Flood the streets with delicious soda in a bid to outmaneuver the competition in upcoming board game Top Pop, which plans to launch a Kickstarter campaign in July.
Top Pop situates two the five players as the owners of ambitious soda companies attempting to channel their wealth and resources to become the most well loved beverage in 1960s America. While each may operate separately, their goal is the same: target large cities such as Seattle, Chicago and New York and saturate them with advertisements and bottles before moving on to the next thirsty metropolitan centre.
The companies will find themselves battling for the same population of pocketbooks and must bid on control of the city using bottle cap tokens. In each of six rounds, players invest a stack of bottle caps on a city card of their choice drawn from the City Deck. They can place as many - or as few - as they choose, as long as it contains one cap matching their company’s colours. Other players will either bid on different cities or throw their resources behind muscling out the competition, investing a larger stack of bottlecaps than the current frontrunner.
Once invested, players can’t recoup their bottle caps - this makes bidding wars prohibitively expensive and perhaps a good strategy for goading the clear winner into overreaching on a certain city, something Top Pop has in common with other auction board games. Night cities wrinkle the standard formula by being placed face down, introducing a bluffing element to that round’s proceeding bid phase.
Play continues around the table until someone wins their sixth city and sends the game into its final stage. Everyone will have one last-ditch attempt to shore up their popularity before scoring begins. More points are awarded for owning the most of each city card, representing that companies uncontested control of refrigerators, coolers and lunch boxes.

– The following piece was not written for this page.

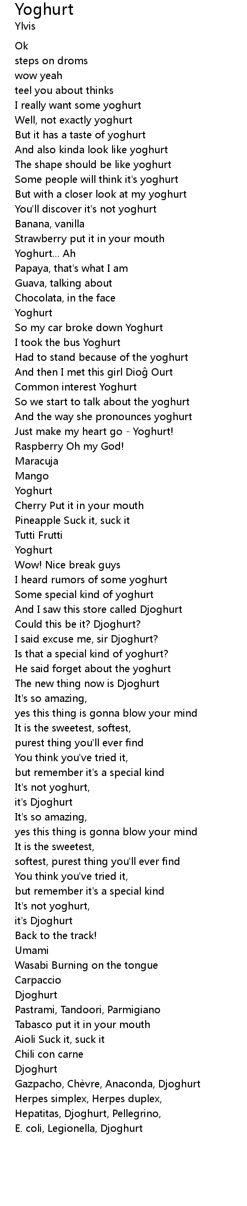 | You'll discover it's not yoghurt | |

Top Pop supports a truncated version for even shorter games - publisher Talon Strikes Studios said rounds typically last 30 to 45 minutes - as well as variant scenarios that shake up play by adding or amending the rules. For example, the Small Town scenario allows players outbid on low-power cities to retrieve their investment, while High Rollers literally ups the ante to a minimum of two bottle caps.
Talon Strikes Studios is an independent board game designer and publisher that most recently funded Night Market, a title about shopping through the ubiquitous installation in Taiwanese cities and villages. Top Pop is designed by Mark McGee and Joshua J. Mills.
The company plans to launch Top Pop’s Kickstarter campaign in July of this year, but pricing and an eventual release dan’t aren’t yet known.